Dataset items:

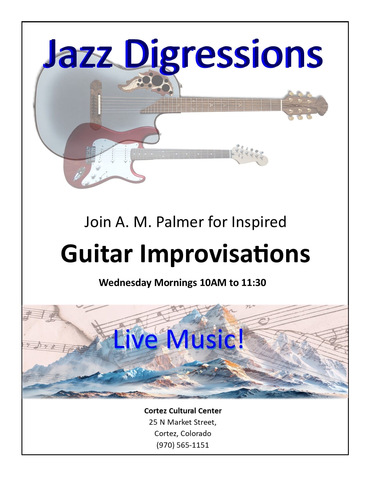 I hope this message finds you well, enjoying the color of my favorite season, awaiting the arrival of winter. I spent most of September working on music projects and playing guitar at the Cortez Cultural Center. I also played a gig at the Turquoise Raven Art Gallery and had an opportunity to meet some wonderful folks, artists and patrons alike. Now, we can look forward to an exciting winter!
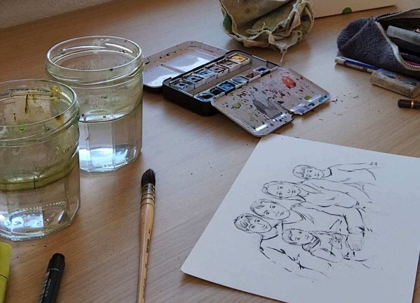 Je réalise des portraits « croqués » d’après photos.
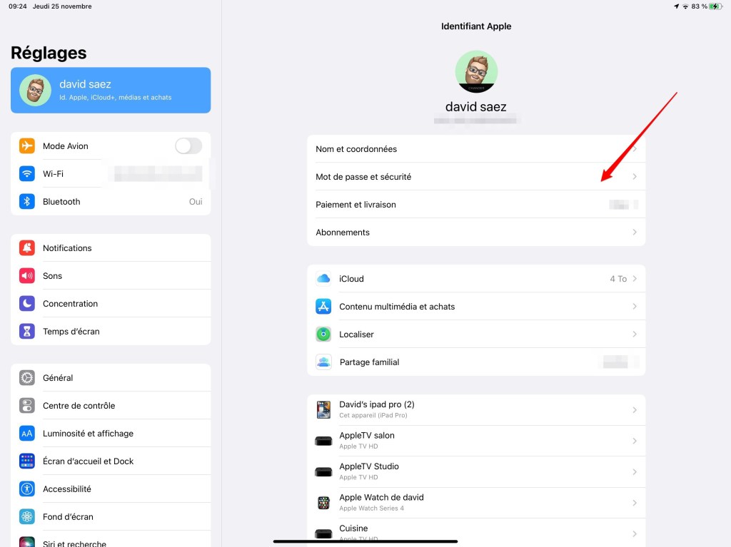 Pour commencer , il faudra vous rendre dans la section AppleID de votre iPhone ou bien de votre iPad.
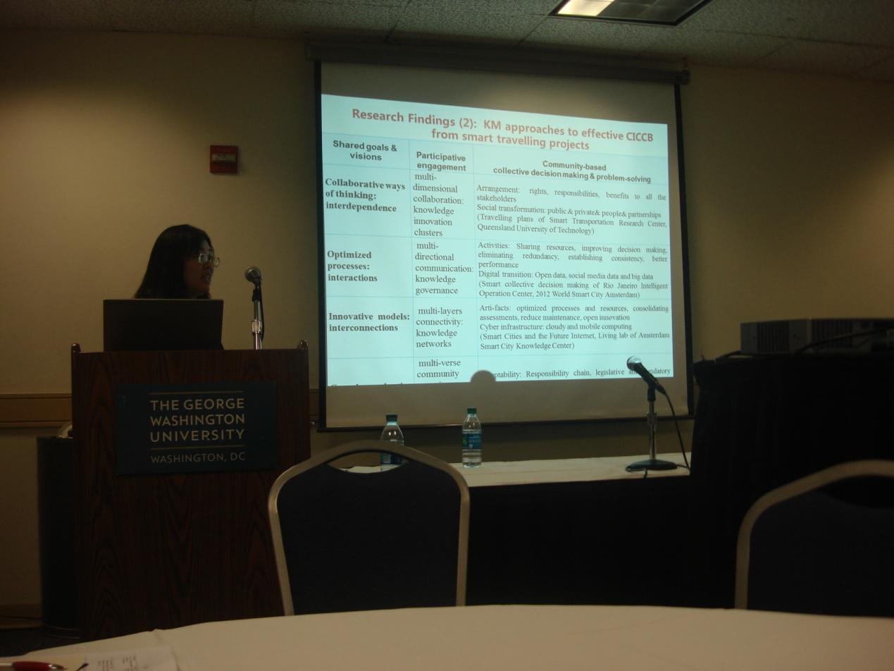 2013年10月23 到25日,女生自慰-海量女生自慰视频在线观看 和教育部数据工程与知识工程教育部重点实验室安小米教授,应邀出席了在美国华盛顿乔治华胜顿大学举办的第十届知识管理、智力资本和学习型组织国际会议。共有来自44个国家的122为代表出席 了该次学术会议。会议共两天,每天有一个主报告。第一个主报告讨论了全球创新的挑战和前沿发展的趋势,报告人为全球知名创新专家Debra Amidon, 第二个主报告讨论了无形资产时代的竞争优势,分析了无形资产识别、保护和利用的国际经典案例,报告人为全球知名专家Honathan Low。此外会议还围绕29个议题分别组织了学术主题报告。安小米教授在创新管理议题学术报告会上作了“支持协同创新体能力构建的知识管理”主题发言,书面报告被收入ISSHP收录的国际会议论文集。
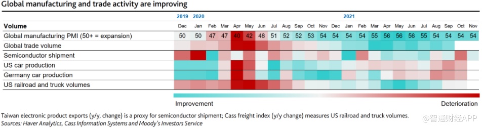 全球制造业和贸易活动也显示出改善迹象。美国制造业整体上处于扩张模式,铁路运输量也在上升。 然而,半导体出货量尚未持续增加,美国和德国的汽车生产也因此放缓:
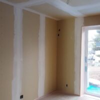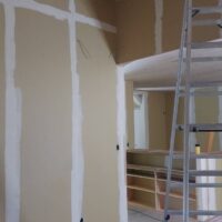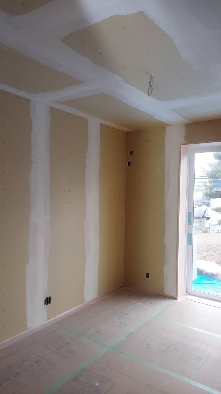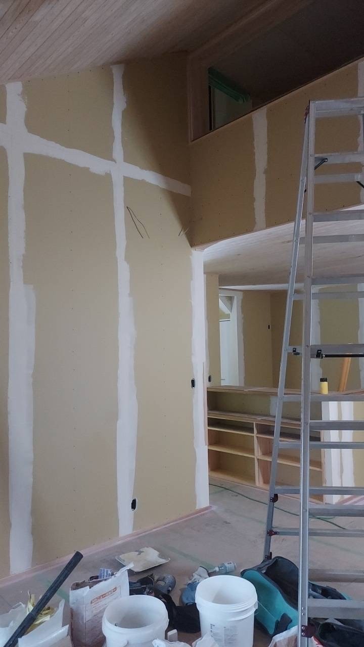 今はクロス工事を行っています。プラスターボードの突合せ部分をパテ処理した様子です。化粧と一緒でベースが大切です👍

__DIRECTIONS FOR THIS TASK__
Your copy should hold every record word for word and none of the pictures.

__TASK ANSWER__
 I hope this message finds you well, enjoying the color of my favorite season, awaiting the arrival of winter. I spent most of September working on music projects and playing guitar at the Cortez Cultural Center. I also played a gig at the Turquoise Raven Art Gallery and had an opportunity to meet some wonderful folks, artists and patrons alike. Now, we can look forward to an exciting winter!
 Je réalise des portraits « croqués » d’après photos.
 Pour commencer , il faudra vous rendre dans la section AppleID de votre iPhone ou bien de votre iPad.
 2013年10月23 到25日,女生自慰-海量女生自慰视频在线观看 和教育部数据工程与知识工程教育部重点实验室安小米教授,应邀出席了在美国华盛顿乔治华胜顿大学举办的第十届知识管理、智力资本和学习型组织国际会议。共有来自44个国家的122为代表出席 了该次学术会议。会议共两天,每天有一个主报告。第一个主报告讨论了全球创新的挑战和前沿发展的趋势,报告人为全球知名创新专家Debra Amidon, 第二个主报告讨论了无形资产时代的竞争优势,分析了无形资产识别、保护和利用的国际经典案例,报告人为全球知名专家Honathan Low。此外会议还围绕29个议题分别组织了学术主题报告。安小米教授在创新管理议题学术报告会上作了“支持协同创新体能力构建的知识管理”主题发言,书面报告被收入ISSHP收录的国际会议论文集。
 全球制造业和贸易活动也显示出改善迹象。美国制造业整体上处于扩张模式,铁路运输量也在上升。 然而,半导体出货量尚未持续增加,美国和德国的汽车生产也因此放缓:
 今はクロス工事を行っています。プラスターボードの突合せ部分をパテ処理した様子です。化粧と一緒でベースが大切です👍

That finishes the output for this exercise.